ECLI:NL:RBARN:2009:BK3301
Rechtbank Arnhem
- Voorlopige voorziening
- Rechtspraak.nl
Beëindiging huurovereenkomst en ontruimingsbescherming onderhuurders
In deze zaak, gewezen door de kantonrechter J.W.M. Tromp op 6 oktober 2009, gaat het om een geschil tussen een samenwerkingsverband en de onderhuurders van Fruitkoeling Zetten B.V. Het samenwerkingsverband had een huurovereenkomst met Fruitkoeling Zetten, die per 31 augustus 2009 met wederzijds goedvinden is beëindigd. De kantonrechter oordeelt dat, omdat de beëindiging met wederzijds goedvinden heeft plaatsgevonden, Fruitkoeling Zetten op grond van artikel 7:230a lid 2 BW geen recht heeft op ontruimingsbescherming conform artikel 7:230a lid 1 BW. Dit betekent dat de onderhuurders, die geen directe huurrelatie met het samenwerkingsverband hebben, ook geen ontruimingsbescherming genieten.

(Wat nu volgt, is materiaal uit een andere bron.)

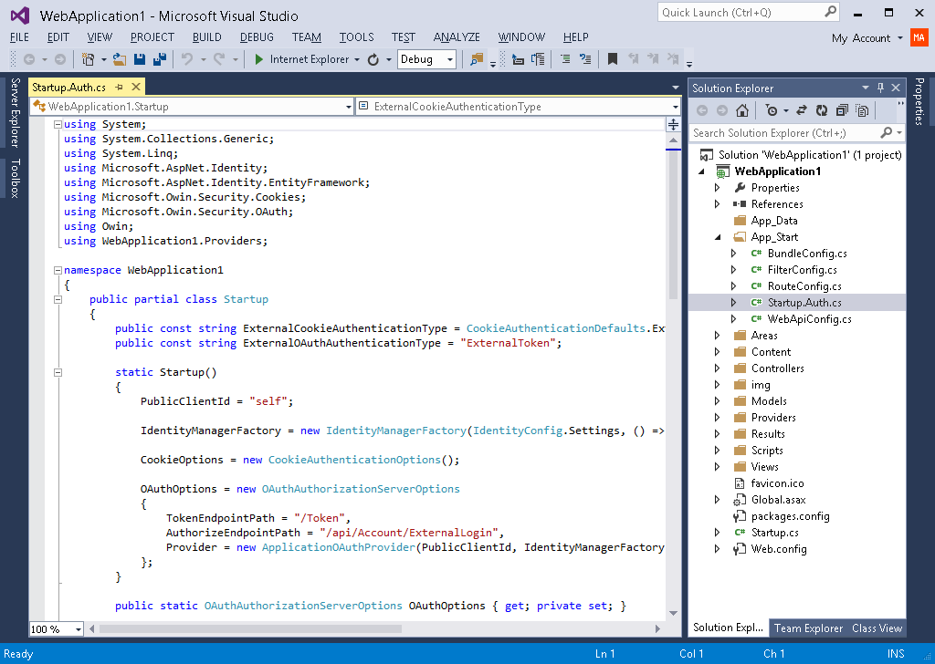 When Visual Studio 2013 has finished creating your project, open the Startup.Auth.cs file that is located in the App_Start folder.

De kantonrechter stelt vast dat de onderhuurders onrechtmatig gebruik maken van de bedrijfsruimte na de beëindiging van de huurovereenkomst. De vordering van het samenwerkingsverband tot ontruiming van het gehuurde wordt afgewezen, omdat de kantonrechter oordeelt dat er geen huurovereenkomst bestaat tussen het samenwerkingsverband en de onderhuurders. De kantonrechter concludeert dat de relatie tussen het samenwerkingsverband en Fruitkoeling Zetten eerder moet worden aangemerkt als lastgeving, waardoor de onderhuurders geen bescherming genieten onder de huurovereenkomst.

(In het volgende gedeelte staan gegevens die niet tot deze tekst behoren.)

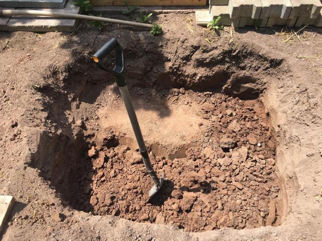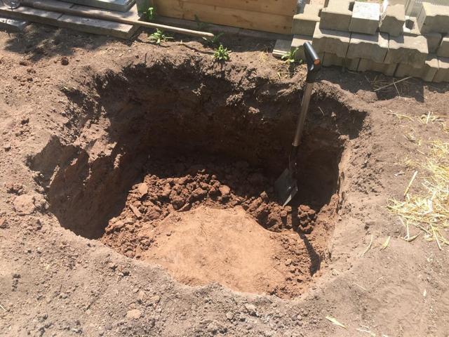 Als erstes wurde das Loch für die Grube von Hand ausgehoben.

De kantonrechter wijst de vordering van het samenwerkingsverband af en veroordeelt het samenwerkingsverband in de kosten van de procedure. Dit vonnis benadrukt het belang van de bescherming van huurders en onderhuurders onder de wet, en de noodzaak voor verhuurders om rekening te houden met de belangen van alle betrokken partijen bij beëindiging van huurovereenkomsten.